Modeling Binary Predictors

Tutorial Introduction

Goals

This tutorial will pick up from the previous one. We will talk about:

Visualizing one numeric predictor (on the x axis) with one categorical predictor (in color)
Reviewing the application of a “simple” model (using just one predictor)
Creating and interpreting an “additive” model
Creating and an interpreting an “interaction” model

Visualizing Two Predictors

A simple model

So far, we’ve only considered how we can predict the value of a response variable using one numeric predictor variable.

ggplot(data = penguins, aes(x = bill_depth_mm, y = bill_length_mm)) +
  geom_point() +
  labs(y = "Bill Length (mm)", x = "Bill Depth (g)") +
  geom_smooth(method = "lm", se = FALSE)

Add a categorical variable

But we might gain more predictive power by including a second predictor! In the example above, what if we used both the bill depth of a penguin and the penguin’s species to predict it’s bill length?

ggplot(data = penguins, aes(x = bill_depth_mm, y = bill_length_mm, color = species)) +
  geom_point() +
  labs(y = "Bill Length (mm)", x = "Bill Depth (g)") +
  geom_smooth(method = "lm", se = FALSE)

What did we find?

That categorical predictor completely changes the story. It looked at first like higher bill depth suggested lower bill length on average. But that’s just because species is a confounder here.

We actually see a positive correlation if we stratify the data by species.

Modeling Options

Let’s say we have one numeric predictor (e.g., bill depth) and one categorical predictor (e.g., species). Here our the modeling options!

A Simple Model: We choose only one of these predictors to include in the model.
An Additive Model: We plot a simple relationship with the numeric predictor, but give each group in our categorical variable a unique intercept.
An Interaction Model: We allow each group of our categorical variable to have a unique intercept and slope! The relationship (slope) between the numeric predictor and our response depends on which group we are looking at.

A Guiding Example

Prompt

Let’s consider a (made-up) experiment: Participants were asked to take a test on a topic that was unfamiliar to them. The response variable is their score on that exam. However, we have two variables we’re going to use to predict their test score

How much study_time they spent (in minutes)
Which study materials they were given (Clear or Unclear)

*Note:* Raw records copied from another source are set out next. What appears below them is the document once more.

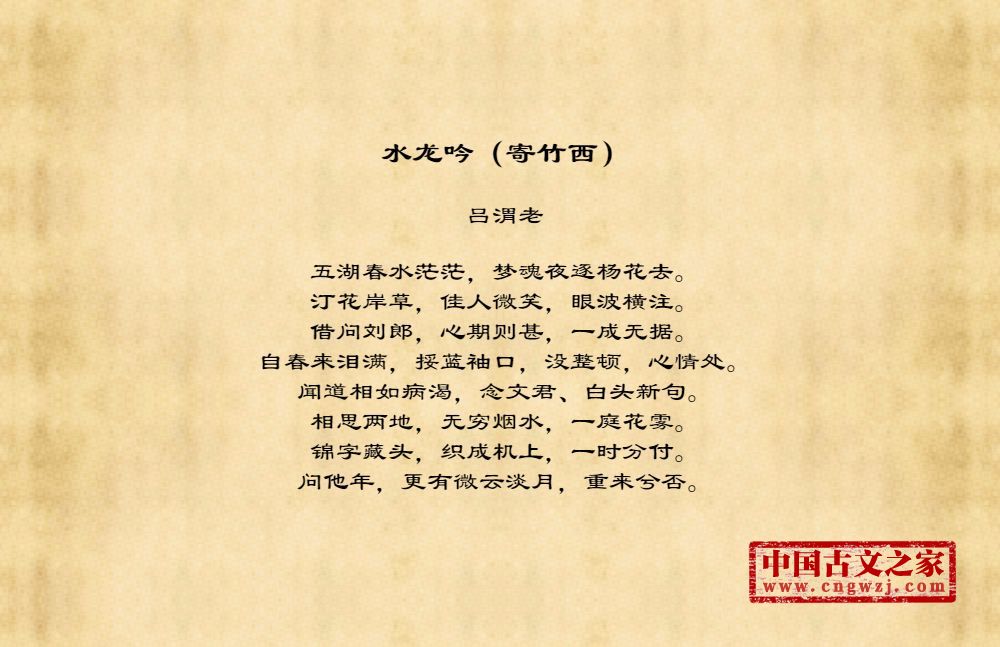 五湖春水茫茫,梦魂夜逐杨花去。汀花岸草,佳人微笑,眼波横注。借问刘郎,心期则甚,一成无据。自春来泪满,挼蓝袖口,没整顿,心情处。闻道相如病渴,念文君、白头新句。相思两地,无穷烟水,一庭花雾。锦字藏头,织成机上,一时分付。问他年,更有微云淡月,重来兮否。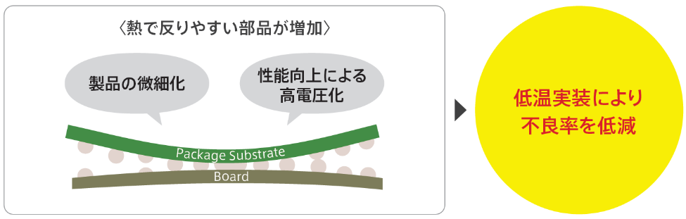 微細・薄型化が進む高機能な半導体パッケージにおいて、加熱時の反りによる不良対策が可能です。実装温度を下げることで反りを低減し、実装品質の向上に貢献します。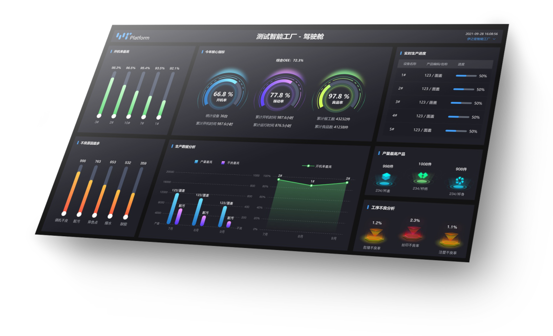 全流程方案深度赋能工厂全链路,凭智能调度提升设备效率与质量,筑牢防线,激活潜能,让工序精准可控,从原材料、生产、质量、设备、人效等全流程可追溯。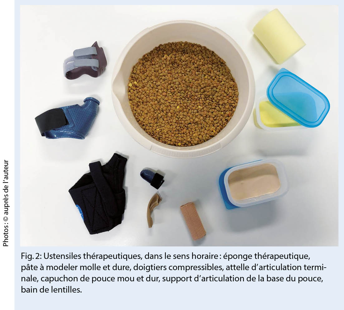Le traitement conservateur consiste à préserver les fonctions, à réduire la douleur et à fournir un suivi et une éducation à long terme au patient. La mesure la plus durable pour préserver la fonction de la main est d’ encourager le patient à utiliser ses mains régulièrement et de manière aussi diversifiée que possible, que ce soit dans la vie quotidienne ou pour les travaux manuels, mais aussi pour le sport ou le jardinage. L’ ergothérapie (conseils ergonomiques, distribution d’ aides, pose d’ attelles et d’ orthèses de stabilisation) (fig. 2) peut compenser une détérioration temporaire ou rétablir des fonctions, mais n’ est souvent pas disponible à long terme. Par conséquent, la motivation du patient à rester indépendant et actif, à maintenir un programme d’ exercices quotidiens gérables par lui-même (mobilisation et renforcement avec de la pâte à modeler/une balle en mousse plastique) est très importante et a un impact significatif sur l’ indépendance et la qualité de vie (2).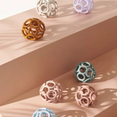 Le lot de 2 balles de dentition en silicone Jasmin mustard peppermint mix de la marque Liewood soulage les gencives douloureuses de bébé quand il fait ses dents.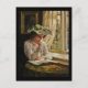 Mujer victoriana con un gorra de moda sentada junto a una ventana leyendo. Mirando a través de la ventana se pueden ver rosas blandas de color rosa. Arte de Thomas Kinnington c1889.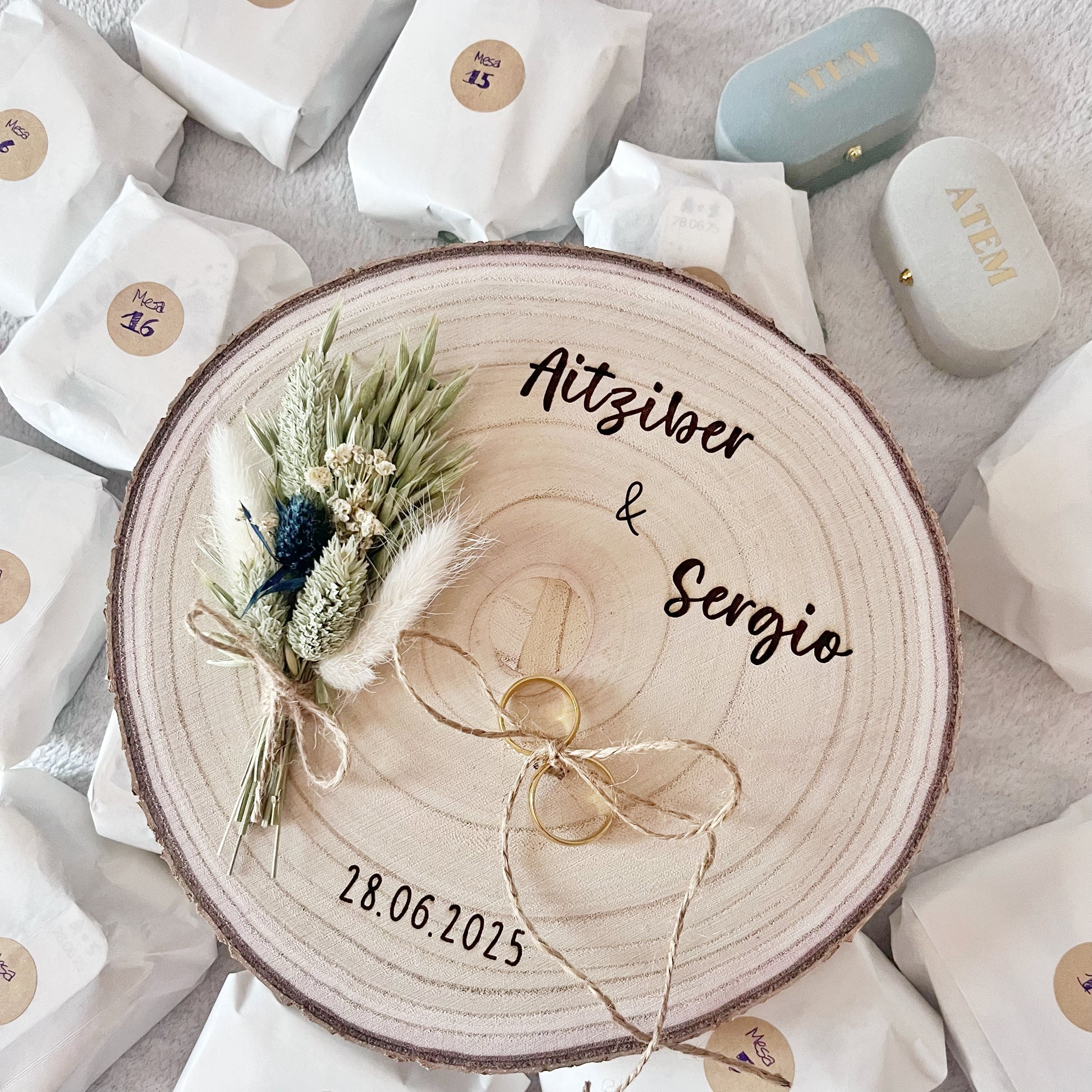 Es perfecto para quienes buscan un toque rústico, elegante y totalmente personal. Un detalle sencillo, pero con mucho significado, que hará vuestro momento aún más especial 💜

Let’s say the “Clear” study materials were carefully structured to benefit students more, whereas the “Unclear” instructions were full of jargon and not very accessible for learning.

Visualize the data

Let’s take a look at this data, with study time on the x-axis, and coloring by which materials they were using.

#Create the data
Task_Data

#Plot the Data
ggplot(data = Task_Data, aes(x = study_time, y = score, color = materials)) +
  geom_point() +
  labs(x = "Study Time (min)", y = "Exam Score")

What’s next

Let’s explore some modeling options for these groups!

First we will look at the simple modeling options (each predictor in isolation)
Next, we will look at an additive model
Finally, we will check an interaction model

Example of Simple Models

Study Time in Isolation

We can start by using study time as the sole predictor of exam score.

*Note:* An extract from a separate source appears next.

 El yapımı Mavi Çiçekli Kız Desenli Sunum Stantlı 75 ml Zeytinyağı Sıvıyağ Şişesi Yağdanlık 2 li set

Notice: If I still want to retain materials in color, I will need to select a specific color in geom_smooth so that it knows I want only one line.

ggplot(data = Task_Data, aes(x = study_time, y = score, color = materials)) +
  geom_point() +
  labs(x = "Study Time (min)", y = "Exam Score") +
  geom_smooth(method = "lm", se = FALSE, color = "black")

Linear Model with Study Time only

As we learned in a previous tutorial, we can make a simple linear model to find a best fitting line and judge how much predictive power we find with this predictor.

mod_simple_ST = lm(data = Task_Data, score ~ study_time)
summary(mod_simple_ST)

We find:

From our Estimate column, the best fitting line is \(\hat{y} = 14.6439 + 0.6093\)(study_time)
We have an \(r^2\) value of 0.2594, which after adjusting for correlation likely due to random chance, comes to 0.2466
From the p-value 0.0000324, we have very strong evidence that there is at least some linear relationship between study time and exam score

Instruction type only

What about the simple relationship between the materials a person used and their exam score? In other words, we are now going to ignore study time and just look at average exam score differences between each group.

ggplot(data = Task_Data, aes(x = materials, y = score, color = materials)) +
  geom_jitter(width = 0.05) +
  labs(x = "Clear vs. Unclear Instructions", y = "Exam Score")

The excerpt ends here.